When NebulaGraph Slows Down: Diagnosing Storage-Related Performance Issues

Storaged, the core storage component of NebulaGraph, is responsible for ensuring durability, availability, and scalability. It plays a critical role in handling reads and writes efficiently. This article explores the architecture of Storaged from the perspective of its underlying storage engine, RocksDB [1], and shares insights from real production use cases on diagnosing and resolving performance bottlenecks.

One notable production example is Snapchat, which uses NebulaGraph to enhance its friend recommendation system at scale. (Read more here.)

How is data read and written in NebulaGraph

In NebulaGraph, both vertices and edges are stored as key-value pairs using RocksDB as the storage engine. In version 3.x, we use RocksDB 3.7.3. The data is partitioned and replicated, with each partition replica backed by a separate RocksDB instance.

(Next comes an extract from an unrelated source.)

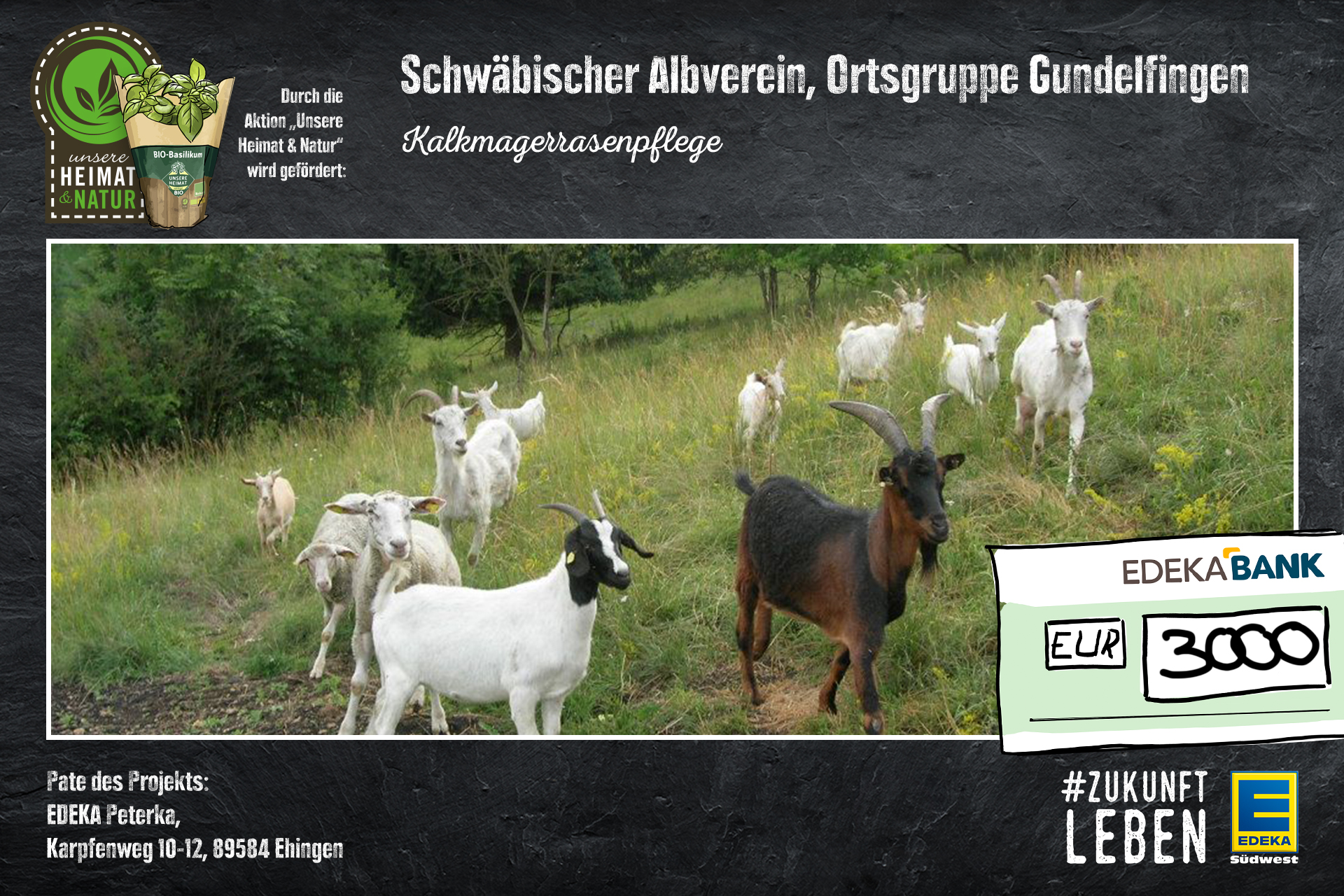 In Münsingen-Bichishausen auf dem Bürzel überreichten Michaela Meyer, Geschäftsbereichsleiterin Nachhaltigkeit bei Edeka Südwest sowie Edeka-Kaufmann Ralf Peterka, von EDEKA Ehingen der die Patenschaft für das Projekt übernommen hat, den symbolischen Scheck in Höhe von 3.000 Euro an Paul Jörg, Vorsitzender der Gundelfinger Ortsgruppe des Schwäbischen Albvereins. „Wir freuen uns sehr, dass es so viele mutige und engagierte Menschen und so großartige Naturschutzprojekte in unserem Absatzgebiet gibt und sind stolz, hier einen Beitrag leisten zu können. Denn nur in einer ökologisch intakten Kulturlandschaft können auch qualitativ hochwertige Lebensmittel produziert werden“, erläuterte Michaela Meyer dabei das Engagement des Lebensmittelhändlers.

To distribute data across multiple storage nodes, we use hash function:

Vertices are partitioned based on their vertex ID.
Edges are partitioned based on the source vertex ID.

This design ensures that a vertex and all its outgoing edges reside in the same partition, improving query performance. However, super nodes (e.g., highly connected entities such as celebrities or popular websites) can cause load imbalances. Hashing helps distribute these nodes more evenly across Storaged instances.

Consistency and Replication via Raft

To maintain consistency between replicas, NebulaGraph employs the Raft consensus algorithm [2], which elects a Leader among the replicas. The Leader handles most read and write requests, while Followers serve as backups. If a Leader fails due to network issues or maintenance, a new Leader is elected.

The data write and replication process follows these steps:

The Leader writes data to the Write-Ahead Log (WAL).
The write is replicated to all Followers, who also write to their own WAL.
Followers asynchronously persist the data to RocksDB and acknowledge the Leader.
Once the Leader receives acknowledgments from all Followers, it commits the write to RocksDB.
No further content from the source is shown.